:: Data in this exercise ::
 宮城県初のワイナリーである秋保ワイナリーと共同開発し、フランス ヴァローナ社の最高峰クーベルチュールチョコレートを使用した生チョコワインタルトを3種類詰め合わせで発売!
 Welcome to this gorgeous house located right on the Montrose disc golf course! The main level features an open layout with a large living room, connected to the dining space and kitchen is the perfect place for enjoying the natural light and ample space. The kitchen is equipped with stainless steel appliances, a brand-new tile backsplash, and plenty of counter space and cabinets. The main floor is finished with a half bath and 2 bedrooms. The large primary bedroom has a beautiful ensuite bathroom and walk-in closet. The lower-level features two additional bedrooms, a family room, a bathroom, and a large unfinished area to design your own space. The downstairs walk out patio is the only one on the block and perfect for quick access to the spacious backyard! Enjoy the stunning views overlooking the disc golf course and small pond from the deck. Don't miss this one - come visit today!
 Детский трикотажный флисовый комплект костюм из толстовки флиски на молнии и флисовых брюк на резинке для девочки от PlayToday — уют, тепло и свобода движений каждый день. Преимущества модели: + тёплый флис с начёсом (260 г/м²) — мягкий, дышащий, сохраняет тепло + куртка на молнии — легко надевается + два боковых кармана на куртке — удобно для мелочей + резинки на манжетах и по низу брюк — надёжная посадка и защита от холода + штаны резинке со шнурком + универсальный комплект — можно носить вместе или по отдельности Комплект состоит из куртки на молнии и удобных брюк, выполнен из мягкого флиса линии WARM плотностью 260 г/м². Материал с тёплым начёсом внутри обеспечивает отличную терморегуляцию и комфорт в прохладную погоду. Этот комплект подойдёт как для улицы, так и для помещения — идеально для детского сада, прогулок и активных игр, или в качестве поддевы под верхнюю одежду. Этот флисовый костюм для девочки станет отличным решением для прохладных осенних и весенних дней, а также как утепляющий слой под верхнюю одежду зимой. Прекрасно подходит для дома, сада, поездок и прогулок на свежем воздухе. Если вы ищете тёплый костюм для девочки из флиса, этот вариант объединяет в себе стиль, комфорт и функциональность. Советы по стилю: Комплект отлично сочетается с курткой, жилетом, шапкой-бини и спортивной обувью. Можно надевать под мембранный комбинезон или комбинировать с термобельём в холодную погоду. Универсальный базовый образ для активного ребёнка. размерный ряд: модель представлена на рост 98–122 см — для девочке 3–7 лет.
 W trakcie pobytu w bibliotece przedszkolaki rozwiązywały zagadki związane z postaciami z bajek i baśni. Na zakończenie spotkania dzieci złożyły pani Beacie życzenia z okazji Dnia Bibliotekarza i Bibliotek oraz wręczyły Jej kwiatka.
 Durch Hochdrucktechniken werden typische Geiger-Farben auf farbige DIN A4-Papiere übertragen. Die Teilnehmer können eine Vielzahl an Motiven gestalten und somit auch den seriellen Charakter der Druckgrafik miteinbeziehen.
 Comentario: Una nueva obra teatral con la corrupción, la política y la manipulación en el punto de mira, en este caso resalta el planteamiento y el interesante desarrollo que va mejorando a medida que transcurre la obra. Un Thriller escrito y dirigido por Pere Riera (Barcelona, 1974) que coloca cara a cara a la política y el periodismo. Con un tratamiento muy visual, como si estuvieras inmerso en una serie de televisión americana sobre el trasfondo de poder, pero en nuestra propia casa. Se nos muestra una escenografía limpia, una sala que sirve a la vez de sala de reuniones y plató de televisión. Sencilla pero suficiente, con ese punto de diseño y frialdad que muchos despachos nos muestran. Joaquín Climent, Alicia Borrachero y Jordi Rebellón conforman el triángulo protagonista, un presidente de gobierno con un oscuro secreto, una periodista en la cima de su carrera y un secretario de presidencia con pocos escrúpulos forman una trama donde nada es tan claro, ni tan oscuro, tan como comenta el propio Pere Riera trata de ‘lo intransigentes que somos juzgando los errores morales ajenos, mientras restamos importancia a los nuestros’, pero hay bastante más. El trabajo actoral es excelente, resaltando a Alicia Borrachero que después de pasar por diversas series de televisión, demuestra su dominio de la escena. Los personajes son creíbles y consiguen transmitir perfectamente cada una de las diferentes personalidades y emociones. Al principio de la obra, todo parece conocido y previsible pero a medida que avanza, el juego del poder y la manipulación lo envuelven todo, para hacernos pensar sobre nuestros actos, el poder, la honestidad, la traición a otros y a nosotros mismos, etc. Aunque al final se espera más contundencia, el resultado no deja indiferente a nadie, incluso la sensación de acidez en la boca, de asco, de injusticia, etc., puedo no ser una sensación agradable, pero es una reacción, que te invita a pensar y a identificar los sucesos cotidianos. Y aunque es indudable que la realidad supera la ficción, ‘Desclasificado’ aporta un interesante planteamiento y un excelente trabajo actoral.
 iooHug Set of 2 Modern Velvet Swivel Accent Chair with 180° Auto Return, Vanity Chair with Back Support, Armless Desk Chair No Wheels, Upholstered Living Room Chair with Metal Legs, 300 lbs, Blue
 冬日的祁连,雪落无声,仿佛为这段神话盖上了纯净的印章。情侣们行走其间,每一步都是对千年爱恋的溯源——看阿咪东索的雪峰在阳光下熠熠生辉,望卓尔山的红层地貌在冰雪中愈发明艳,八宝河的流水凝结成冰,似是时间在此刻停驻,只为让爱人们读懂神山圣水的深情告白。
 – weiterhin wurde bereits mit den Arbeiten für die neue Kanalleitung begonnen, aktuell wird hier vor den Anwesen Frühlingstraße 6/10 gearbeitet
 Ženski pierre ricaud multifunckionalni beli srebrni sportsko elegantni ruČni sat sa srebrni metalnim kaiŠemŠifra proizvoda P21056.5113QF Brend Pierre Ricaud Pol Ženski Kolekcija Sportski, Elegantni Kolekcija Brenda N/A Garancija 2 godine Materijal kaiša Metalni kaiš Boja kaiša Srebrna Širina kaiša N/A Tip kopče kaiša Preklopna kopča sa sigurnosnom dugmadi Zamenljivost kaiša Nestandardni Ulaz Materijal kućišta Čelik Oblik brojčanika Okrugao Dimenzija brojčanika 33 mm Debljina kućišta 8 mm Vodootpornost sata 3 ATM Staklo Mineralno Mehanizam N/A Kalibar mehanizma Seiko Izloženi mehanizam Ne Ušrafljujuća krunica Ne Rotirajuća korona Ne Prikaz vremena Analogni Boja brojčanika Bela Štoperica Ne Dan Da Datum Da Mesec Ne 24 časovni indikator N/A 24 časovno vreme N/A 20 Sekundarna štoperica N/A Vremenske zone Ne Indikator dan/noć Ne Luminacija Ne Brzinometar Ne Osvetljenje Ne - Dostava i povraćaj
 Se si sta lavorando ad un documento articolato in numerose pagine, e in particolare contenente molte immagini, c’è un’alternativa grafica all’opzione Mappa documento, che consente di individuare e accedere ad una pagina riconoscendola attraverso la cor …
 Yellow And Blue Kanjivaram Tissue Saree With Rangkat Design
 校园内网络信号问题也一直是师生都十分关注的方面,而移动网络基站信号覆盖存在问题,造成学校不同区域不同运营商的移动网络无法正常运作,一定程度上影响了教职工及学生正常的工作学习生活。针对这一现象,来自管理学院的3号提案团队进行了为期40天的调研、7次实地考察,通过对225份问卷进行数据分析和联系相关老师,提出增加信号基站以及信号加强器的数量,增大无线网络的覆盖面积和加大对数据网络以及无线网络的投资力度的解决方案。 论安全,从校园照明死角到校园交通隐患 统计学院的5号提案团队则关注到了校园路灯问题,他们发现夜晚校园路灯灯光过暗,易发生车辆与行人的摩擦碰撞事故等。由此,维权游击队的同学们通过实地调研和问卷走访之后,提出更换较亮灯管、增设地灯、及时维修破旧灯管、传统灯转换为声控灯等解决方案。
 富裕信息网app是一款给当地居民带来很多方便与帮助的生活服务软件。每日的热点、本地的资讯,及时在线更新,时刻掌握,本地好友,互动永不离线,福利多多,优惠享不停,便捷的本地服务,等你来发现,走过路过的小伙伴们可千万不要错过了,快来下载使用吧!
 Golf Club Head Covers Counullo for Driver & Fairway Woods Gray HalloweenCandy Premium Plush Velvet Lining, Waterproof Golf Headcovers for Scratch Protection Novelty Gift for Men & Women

:: Exercise details ::
Could you filter the entries above for lines holding the string "Velvet" and copy them?

:: Solution below ::
 iooHug Set of 2 Modern Velvet Swivel Accent Chair with 180° Auto Return, Vanity Chair with Back Support, Armless Desk Chair No Wheels, Upholstered Living Room Chair with Metal Legs, 300 lbs, Blue
 Golf Club Head Covers Counullo for Driver & Fairway Woods Gray HalloweenCandy Premium Plush Velvet Lining, Waterproof Golf Headcovers for Scratch Protection Novelty Gift for Men & Women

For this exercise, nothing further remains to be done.